Dann muss ich umsteigen, vom Hochgeschwindigkeitszug Shinkansen in die Hakone Tozan Railway, einen Bummelzug. Die Schmalspurbahn bringt mich nach einiger Wartezeit auf dem reizlosen Bahnhof nach Hakone. Es ist windig. Langsam bahnt sich die zugkräftige Maschine ihren Weg durch die Berge. Ich bin die einzige Europäerin in meinem Waggon. Meine Mitreisenden haben ihre Köpfe an die Scheiben gelehnt und schlafen, teilweise mit offenen Mündern. Ein kleines Kind hat sich auf dem Schoß seiner Mutter zusammengerollt. Seine Schuhe stehen, die Spitzen sorgfältig ausgerichtet, vor der Sitzbank. Kurz bevor ich ebenfalls einnicke, erreichen wir den Bahnhof von Hakone.
Ich verlasse das Bahnhofsgebäude. Es ist kalt. Auf dem Vorplatz wachsen der Kälte trotzend Orangen an einem Strauch. Ihre kräftige Farbe leuchtet verlockend in der Januarkälte. Mich überfällt das dringende Bedürfnis, eine von ihnen zu pflücken. Nur wenige Schritte von den Früchten entfernt liegt mein Hotel. Nach dem Check-In, der dank der Buchung durch meine Redaktion auch ohne Japanischkenntnisse reibungslos verläuft, strande ich vor einer Regalwand, die mit Stapeln von Kimonos gefüllt ist. Auch die Gäste, die den Eingangsbereich des Onsen durchqueren, tragen die traditionelle japanische Kleidung.
»Kimono, für mich?«, frage ich einen der Angestellten, der gerade vorbeieilt.
»No Kimono! Yukata!« Er bleibt stehen, mustert mich und scheint meine Größe abzuschätzen. Dann greift er einen geblümten Stapel vom obersten Brett und reicht mir zwei der Gewänder, gemeinsam mit einem gelben Band und einem Paar Holzschuhen. »Yukata. Sommerkimono.« Er verbeugt sich und eilt weiter, während ich nach meinem Raum suche.
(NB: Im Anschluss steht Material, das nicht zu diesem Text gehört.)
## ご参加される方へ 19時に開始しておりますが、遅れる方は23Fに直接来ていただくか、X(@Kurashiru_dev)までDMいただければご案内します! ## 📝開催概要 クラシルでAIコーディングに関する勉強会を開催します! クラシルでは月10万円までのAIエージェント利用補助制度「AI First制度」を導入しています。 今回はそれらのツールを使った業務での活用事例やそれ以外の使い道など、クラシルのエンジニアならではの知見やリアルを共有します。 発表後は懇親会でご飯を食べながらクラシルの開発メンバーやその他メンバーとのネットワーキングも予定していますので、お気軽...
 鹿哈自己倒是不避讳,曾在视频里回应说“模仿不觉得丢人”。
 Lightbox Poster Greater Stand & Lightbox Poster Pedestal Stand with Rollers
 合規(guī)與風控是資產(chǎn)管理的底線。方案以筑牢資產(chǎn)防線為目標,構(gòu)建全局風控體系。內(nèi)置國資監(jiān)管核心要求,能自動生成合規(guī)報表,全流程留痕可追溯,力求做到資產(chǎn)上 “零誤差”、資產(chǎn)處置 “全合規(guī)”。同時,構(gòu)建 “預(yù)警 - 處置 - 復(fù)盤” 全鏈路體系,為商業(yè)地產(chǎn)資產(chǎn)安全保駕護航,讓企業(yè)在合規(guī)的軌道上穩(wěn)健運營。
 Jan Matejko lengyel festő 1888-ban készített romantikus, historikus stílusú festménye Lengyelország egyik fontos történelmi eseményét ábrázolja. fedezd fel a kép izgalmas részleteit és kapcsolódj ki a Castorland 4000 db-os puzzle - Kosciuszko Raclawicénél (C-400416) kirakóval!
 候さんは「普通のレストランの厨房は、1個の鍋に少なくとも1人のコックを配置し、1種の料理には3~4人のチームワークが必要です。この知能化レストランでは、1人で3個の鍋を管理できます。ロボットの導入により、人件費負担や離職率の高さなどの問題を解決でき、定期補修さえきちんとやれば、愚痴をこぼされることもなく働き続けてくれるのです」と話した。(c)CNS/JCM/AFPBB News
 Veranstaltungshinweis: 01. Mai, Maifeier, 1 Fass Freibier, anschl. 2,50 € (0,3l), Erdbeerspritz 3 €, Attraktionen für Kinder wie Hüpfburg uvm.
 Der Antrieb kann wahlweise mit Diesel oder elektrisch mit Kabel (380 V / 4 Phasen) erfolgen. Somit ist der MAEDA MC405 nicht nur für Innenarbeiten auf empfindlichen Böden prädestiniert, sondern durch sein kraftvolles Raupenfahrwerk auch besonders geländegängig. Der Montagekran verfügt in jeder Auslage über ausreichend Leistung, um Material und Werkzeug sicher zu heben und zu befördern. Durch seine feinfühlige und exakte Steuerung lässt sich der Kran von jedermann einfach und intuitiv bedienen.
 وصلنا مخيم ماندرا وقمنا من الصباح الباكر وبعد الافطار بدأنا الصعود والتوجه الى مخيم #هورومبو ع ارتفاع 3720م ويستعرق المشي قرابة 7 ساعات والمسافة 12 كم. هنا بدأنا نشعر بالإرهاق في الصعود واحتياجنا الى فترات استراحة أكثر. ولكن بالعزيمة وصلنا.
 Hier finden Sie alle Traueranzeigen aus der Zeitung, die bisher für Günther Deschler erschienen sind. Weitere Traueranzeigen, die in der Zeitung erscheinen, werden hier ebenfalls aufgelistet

Mein Hotelzimmer ist traditionell japanisch eingerichtet.
Es ist mit beigen Matten ausgelegt, vor dem Fenster steht ein niedriges Tischchen, an dem man im Schneidersitz auf flachen Kissen Platz nehmen kann. Auf der Tischplatte steht eine Kanne mit heißem Wasser und eine Teedose. Auf den Tatami-Matten, die den Boden des Raumes bedecken, liegt eine dünne Futonmatratze. Durch die Glastür trete ich auf den Balkon, auf dem eine hölzerne Wanne zum Baden im Freien einlädt. Neben den Gemeinschaftsbädern eine Möglichkeit, sich in aller Abgeschiedenheit zu entspannen. Schnell schlüpfe ich in den Yukata, schlinge ihn um meinen Oberkörper und zurre ihn mit dem gelben Band zusammen. Dann suche ich die Bäder. Während ich über schmale Holzwege durch den Garten irre, begegne ich ein paar Japanern, die mir verstohlene Blicke zuwerfen, bevor sie hinter vorgehaltener Hand etwas tuscheln. Am Eingang eines Bades fängt mich eine ältere Dame ab und versperrt mir den Weg. Aufgeregt redet sie in japanischer Sprache auf mich ein. Dann öffnet sie ihren Yukata. Ich bin irritiert. Gibt es in Japan weibliche Exhibitionisten?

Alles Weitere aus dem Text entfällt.